(Records contained in a dataset)
________

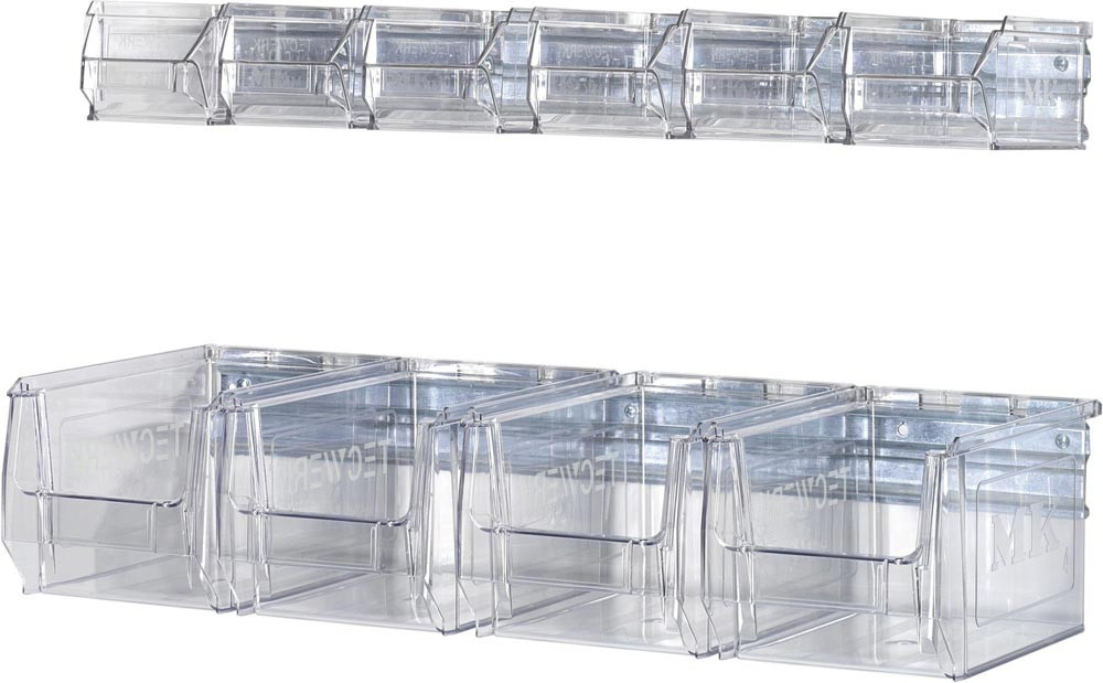 Wandschiene H130xB602xT200mm Stahl verzinkt mit Sichtlagerkästen 4 x MK4 transparent
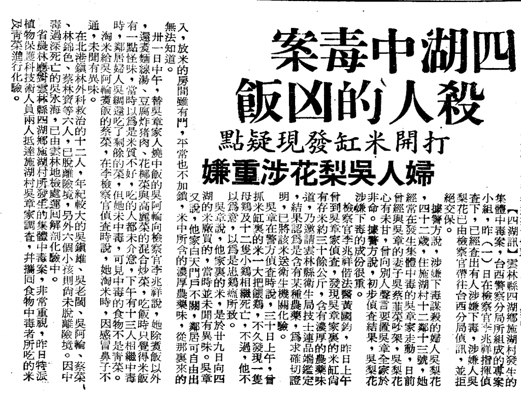 四湖訊,〈四湖中毒案 殺人的兇飯〉,《聯合報》,1967年2月2日。
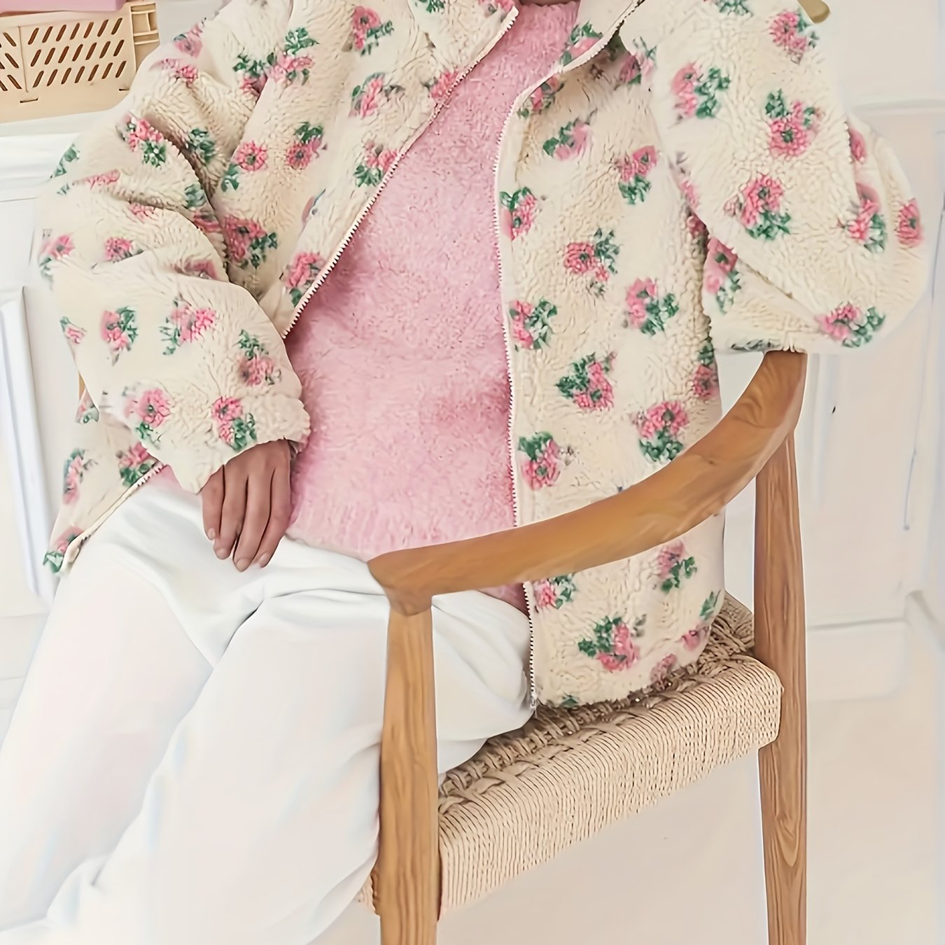 TEMU 우아한 겨울 플로럴 프린트 A라인 재킷 - 풀지퍼 프론트 & 스탠드 칼라, 부드러운 미들 탄성 소재, 겨울용 아우터코트, 캐주얼 아웃웨어 (세탁기 사용 가능) - 데일리 웨어 & 스마트 캐주얼 행사용 포근한 재킷
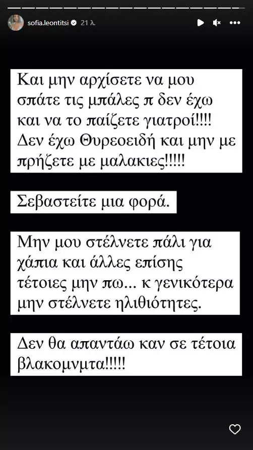 «Δεν ξέρω γιατί κάνω αυτό το στόρι. Ίσως επειδή είναι αλήθεια, είμαι στενοχωρημένη, θέλω να το μοιραστώ γιατί ελπίζω πως θα έρθει η μέρα που όλα αυτά τα στόρι, ίσως αποτελέσουν μία κινητήριο δύναμη για κάποιον άλλον που θα έχει λυγίσει, όπως νιώθω σίγουρα εγώ. Εχθές 80 κιλά και σήμερα ένα κιλό πάνω, με τόσο αγώνα και τόση προσπάθεια. Τώρα πρέπει να σηκωθώ και συνεχίσω με αυτή τη σκ@τ@ ψυχολογία», έγραψε, μεταξύ άλλων η Σοφία Λεοντίτση.
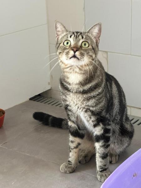 🐱 Lucas ist ein sehr sozialer Kater, sobald er jemanden kennt. Adolfo, der freiwillige Helfer, der ihn in unser Partner-Tierheim gebracht hat, besuchte ihn eine Woche lang morgens und nachmittags, bis Lucas sich eingewöhnt und wieder Vertrauen gefasst hatte. Am Anfang wollte er weder fressen noch seine Medikamente nehmen. Adolfo nahm ihm den Halskragen ab und fütterte ihn liebevoll von Hand.
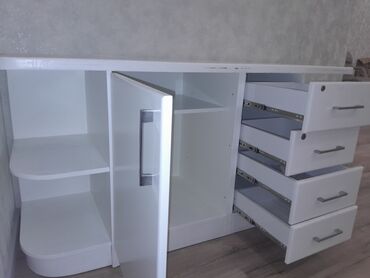 - Material: MDF/LDSP tipli ağ mebel lövhəsi, metal tutacaqlar
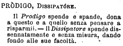 | Prodigo, Dissipatore - Il Prodigo spende e spande, dona a questo e a quello senza pensare a risparmii. - Il Dissipatore spende dissennatamente e senza misura, dando fondo alle sue facoltà. [immagine] |
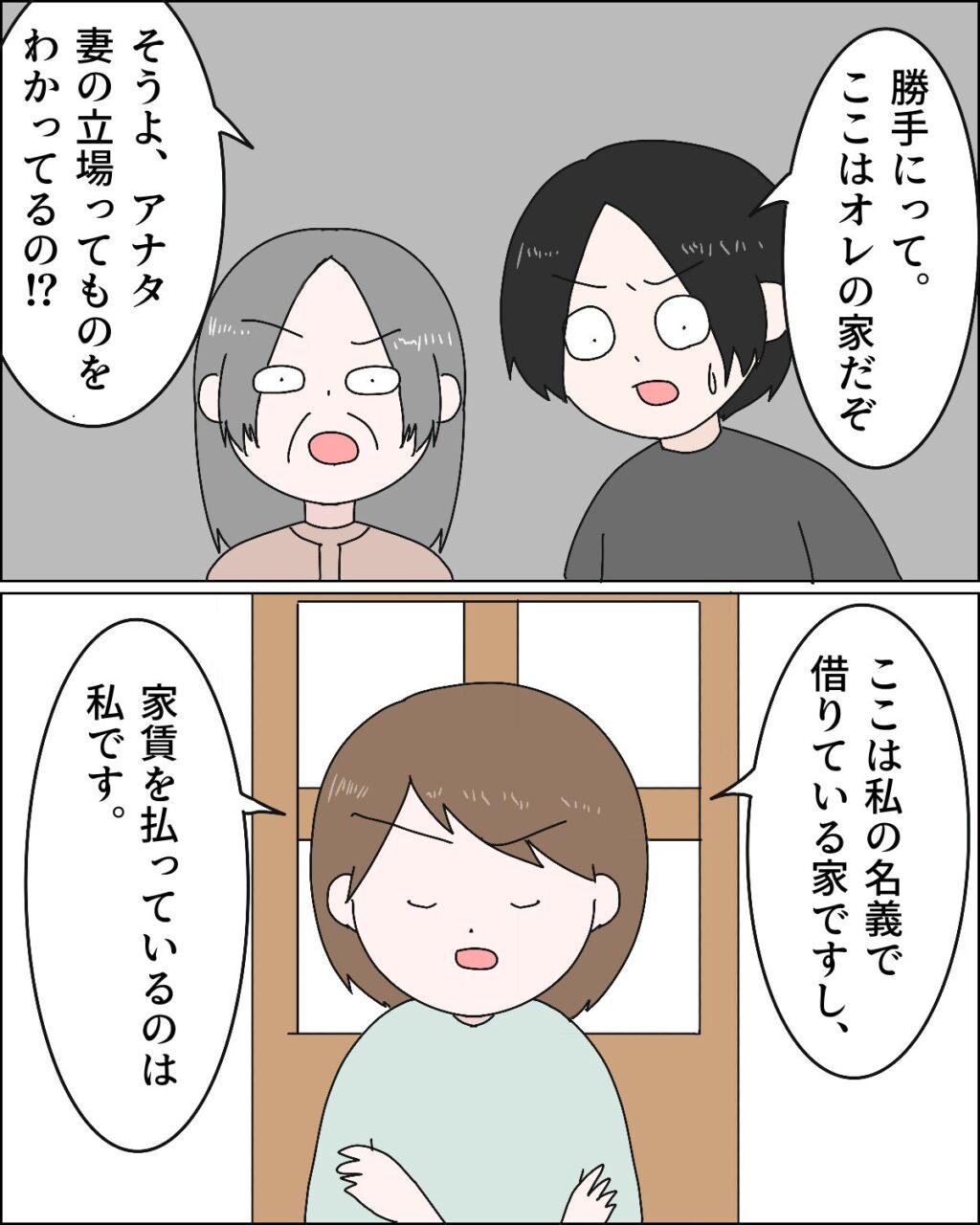 私の反論が予想外だったのか「勝手にって。ここはオレの家だぞ」と少し驚きながら言い返してくるフミヤ。すかさず義母も「そうよ、アナタ。妻の立場ってものをわかってるの!?」とフミヤに加勢します。しかし、私は毅然とした態度で「ここは私の名義で借りている家ですし、家賃を払っているのは私です」と答えました。
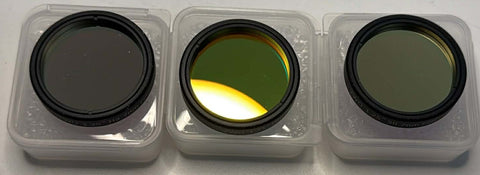 This is a set of three ZWO narrowband filters in the S-II, O-III, and H-a bands in excellent condition. The filters are clean and unmarked - any dust you see in the photos is electrostatically charged and attracted to the filters. They come in the jewel cases shown.
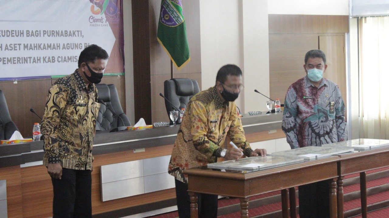 Bupati Ciamis, Herdiat Sunarya menandatangani Prasasti Proyek Pembangunan dalam rangkaian Peringatan Hari…
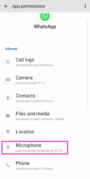 ステップ4:選択しますマイクロフォンタップしますアプリの使用中にのみ許可します。
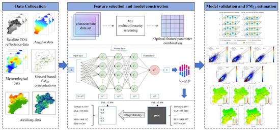 This study involves three steps (Figure 2). First, the required feature data were collected, preprocessed, and temporally and spatially aligned. Second, the VIF values of the feature parameters were calculated to identify and remove features with multicollinearity, and an annual optimal dataset of feature parameters was formed. Multicollinearity refers to the presence of linear relationships among independent variables [50]. The VIF can be used to assess the degree of multicollinearity among the predictors. Typically, when the VIF of a variable is greater than or equal to 10, strong multicollinearity is considered to exist [51], and the variable should be removed. Then, the PM2.5 estimation model was developed based on the annual optimal dataset. This study proposed a unique and interpretable PM2.5 estimation model by coupling the SHAP explainability method with a DNN. Finally, two evaluation methods were used to assess overall performance of the model. In addition, the BTH area’s PM2.5 concentrations from 2019 to 2023 were predicted.

________

Here the job is to copy the stretch of records from the line containing "facoltà. [immagine] |" through the line containing "私の反論が予想外だったのか「", word for word. Leave every picture out.

 | Prodigo, Dissipatore - Il Prodigo spende e spande, dona a questo e a quello senza pensare a risparmii. - Il Dissipatore spende dissennatamente e senza misura, dando fondo alle sue facoltà. [immagine] |
 私の反論が予想外だったのか「勝手にって。ここはオレの家だぞ」と少し驚きながら言い返してくるフミヤ。すかさず義母も「そうよ、アナタ。妻の立場ってものをわかってるの!?」とフミヤに加勢します。しかし、私は毅然とした態度で「ここは私の名義で借りている家ですし、家賃を払っているのは私です」と答えました。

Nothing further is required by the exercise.